British meteorologist Hubert Lamb, founder of the Climate Research Unit at the University of East Anglia, says that the Little Ice Age devastated economies with crop failures. In a widely accepted paper, he wrote that a “remarkably warm climate in many parts of the world” existed from AD 1000–1200, followed by a cooling culmination with coldest temperatures between 1500 and 1700 – “the coldest period since the last ice age occurred”.

These climate changes were “certainly what upset the human economy at the time (and probably at any time),” says Lamb.

The cold finally gave way to rising temperatures in the 18th century, before the modern industrial revolution in Europe and North America.

The positive effects of modern climates are found in arid climates like India. NASA reports: “For rainwater-grown wheat grown in more arid climates, such as southern Africa and India, the results showed a doubling of carbon dioxide levels and the effects of related to their climate change, increasing yields by 8 percent, an increase due to crops reducing water requirements by up to 50 percent. As is the case with rain-fed corn in arid climates, without the carbon dioxide boosting, these rain-irrigated wheat plants wouldn’t be able to cope either because of the greater water pressure exerted on them. , resulting in a 29% decrease in productivity. “

Although the population has doubled to 1.3 billion since the 1960s, India is now able to produce enough food crops for both domestic and export needs. In fact, since 2017, the whole country has continuously recorded record harvests of food crops.

For crop year 2021-22, “record production is estimated for rice, maize, cashews, dried nuts, rapeseed and mustard, oilseeds and sugarcane.” At 315.72 million tons, 5 million tons higher than the previous crop year.

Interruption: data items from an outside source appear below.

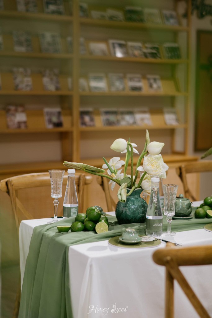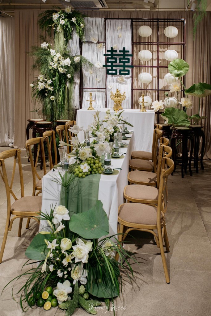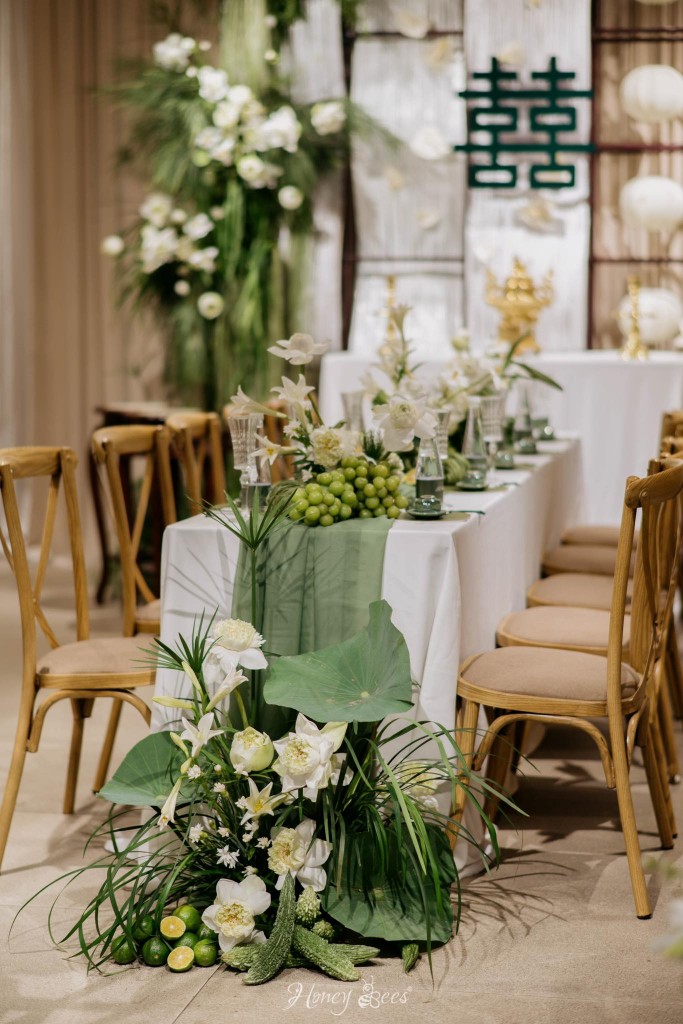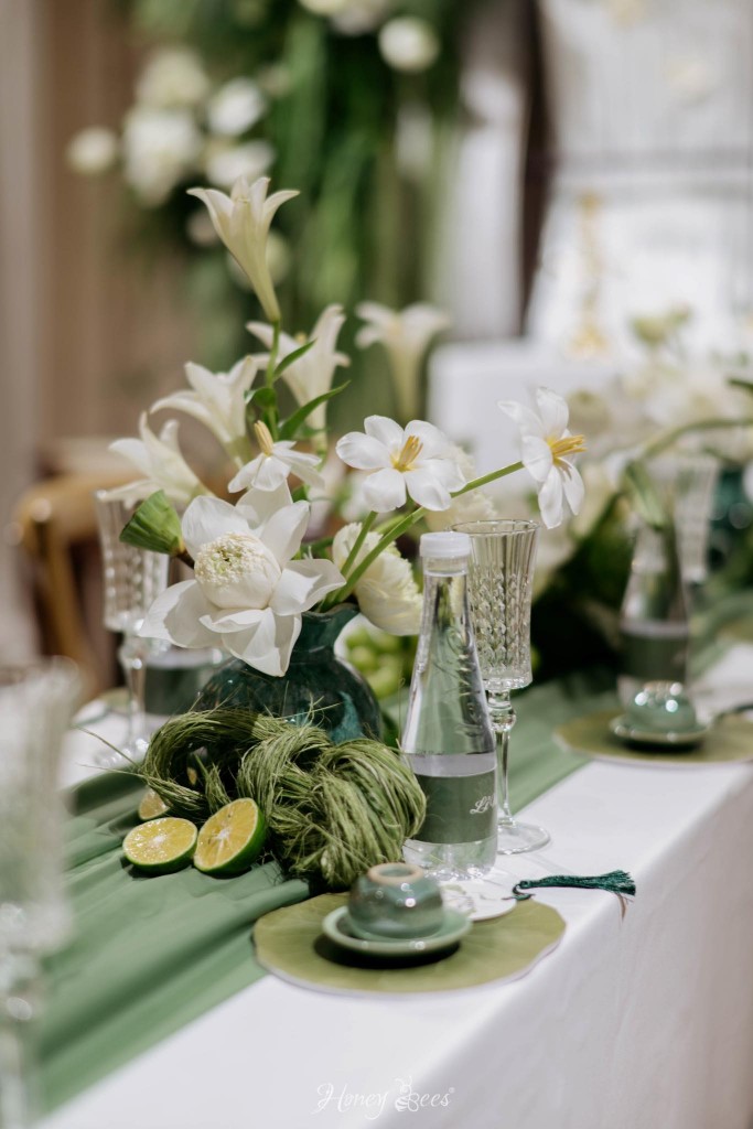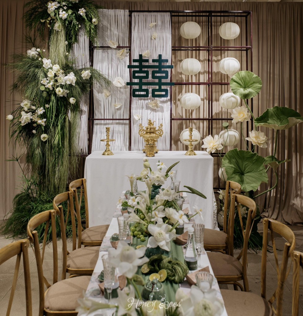 Thu hút những nàng dâu có niềm đam mê hoa sen bất tận, Honey Bees quyết định tạo ra một không gian mang âm hưởng từ nét đẹp Á Đông - mộc mạc mà trang nghiêm, tỉ mỉ nhưng vô cùng tinh tế. Ngoài ra, với ý nghĩa đặc biệt mà không loài hoa nào có được, ngoài sự biểu đạt của một tình yêu thuần khiết thì những cành sen tinh khôi còn tượng trưng cho sự vươn lên từ thử thách, là lời hứa hẹn vẹn tròn cho những ngày tháng mà đôi trẻ cùng nhau đi qua. Và đó chính là minh chứng rõ nét cho sự sáng tạo trong nghệ thuật thiết kế của Honey Bees về một không gian đầy ắp ý nghĩa về những giá trị văn hoá của quê hương, đất nước.
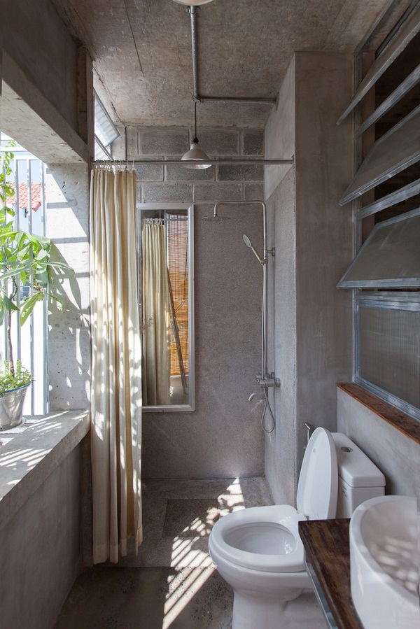 Không gian vệ sinh được bố trí hướng về phía rạch Bà Bướm giúp cho không gian được thông thoáng và làm khoảng đệm cho không gian phòng ngủ.
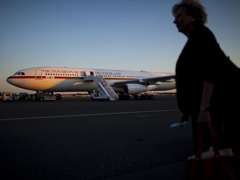 Mitglieder der Reisedelegation auf dem Weg zum Regierungsflugzeug »Konrad Adenauer«.
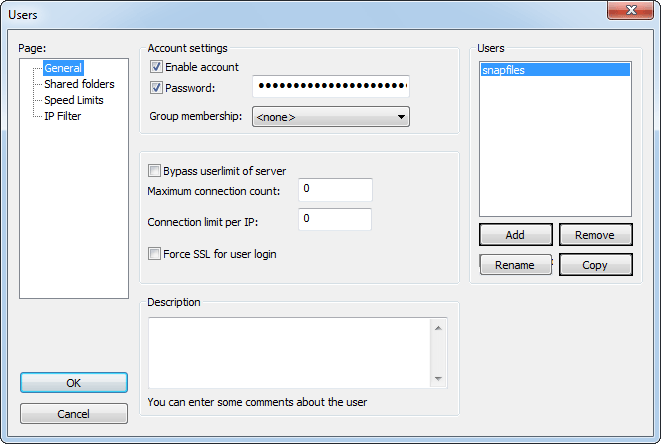 FTP server FileZilla Server is a full featured FTP server with support for secure SSL/TLS connections, IP security, anti-FXP options, per-user speed limits, user groups and MODE-Z compression. It provides a plain, but easy to use interface that can be installed as Windows service.
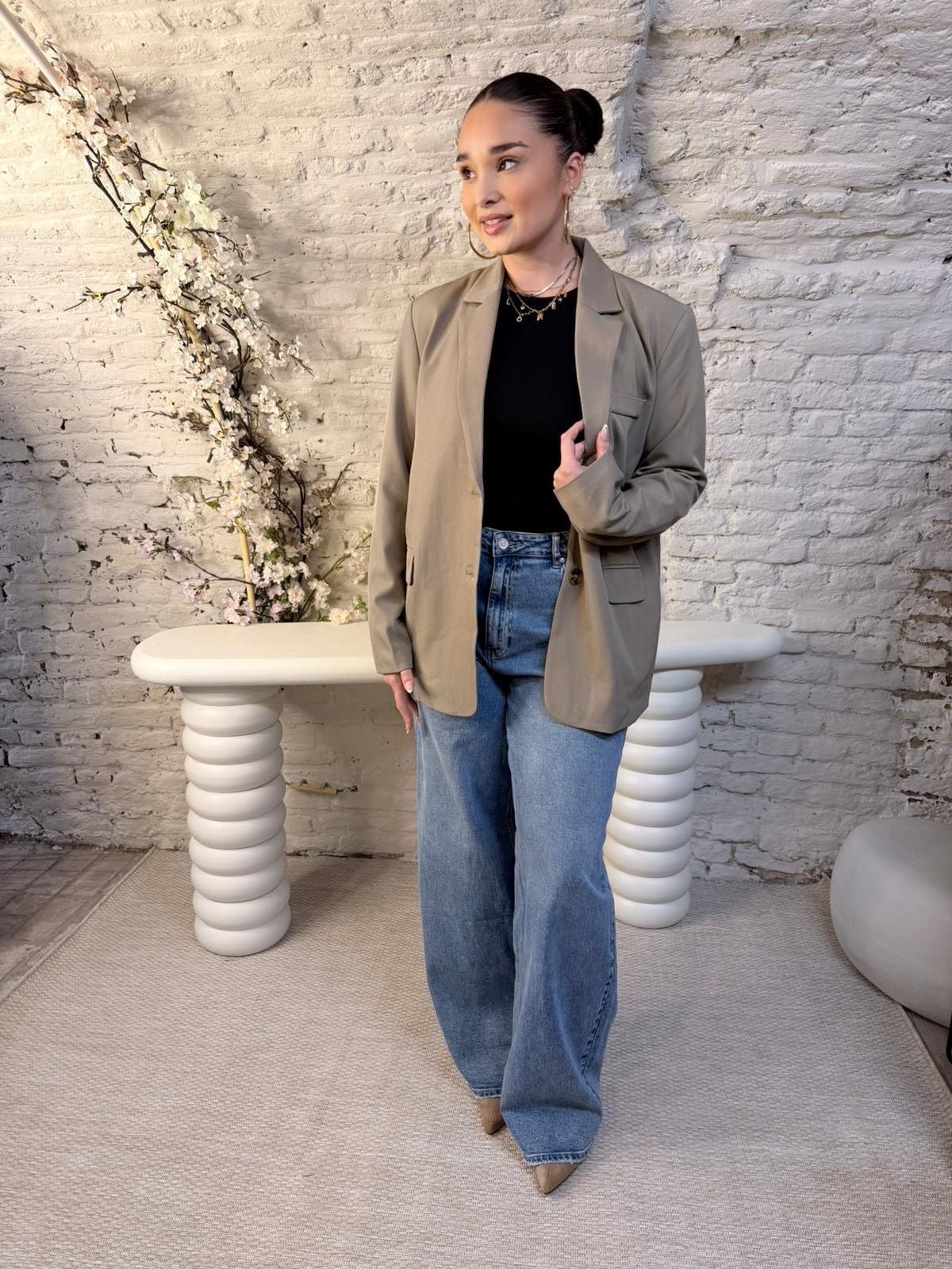 Stijlvolle oversized blazer met een open split achterkant. Gemaakt van een soepele, comfortabele stof voor een moderne en chique look. Perfect voor zowel casual als zakelijke outfits.
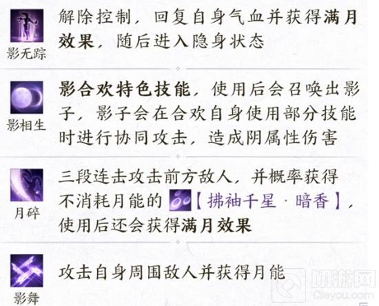 影合欢特色技能,使用后会召唤出影子,影子会在合欢自身使用部分技能时进行协同攻击,造成阴属性伤害。
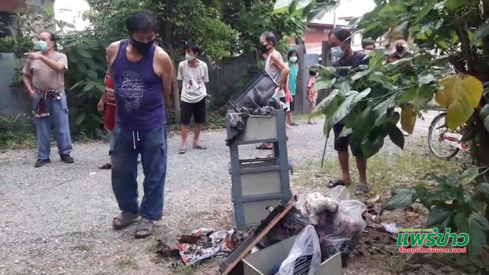 ตรวจที่เกิดเหตุ พบชาวบ้าน และนางแสงอารมณ์ แสงทอง อายุ 62 ปี เจ้าของบ้านที่รีบกลับจากขายของในตลาดสบสาย มาที่บ้าน มีอาการตกใจ สอบถาม ด.ช.แสงศีล แสงทอง (น้องปลื้ม) อายุ 12 ปี เป็นหลานเจ้าของบ้านให้การว่า ได้เข้าห้องน้ำอยู่บนบ้าน มีคนตะโกนบอกว่าไฟไหม้ จากรถเก็บขยะที่มาเก็บขยะที่เห็นเหตุการณ์ ชาวบ้านและคนเก็บขยะจึงมาช่วยกันดับไฟโดยตักน้ำจากโอ่งข้างบันไดบ้านมาช่วยดับไฟ และรถดับเพลิง อบต.สบสาย มาทัน จึงช่วยฉีดน้ำ ทำให้รอดจากเพลิงไหม้หวุดหวิด

According to the Food and Agriculture Organization of the United Nations, “India is the world’s largest producer of milk, beans and jute and ranks as a major producer of rice, wheat, sugarcane, peanuts, vegetables, fruit and cotton. Monday. It is also one of the leading producers of spices, livestock and crops. “

A recent Australian study reported that “CO2 fertilization was correlated with an 11% increase in foliage cover from 1982-2010 across arid regions studied in Australia, North America. , Middle East and Africa.”

Today’s warmth and CO2 levels are a boon to human civilization, not a bad thing. Just ask my grandparents.

Vijay Jayaraj is a Research Associate at CO2 Alliance, Arlington, VA. He holds a masterholds a degree in environmental science from the University of East Anglia, UK and resides in India.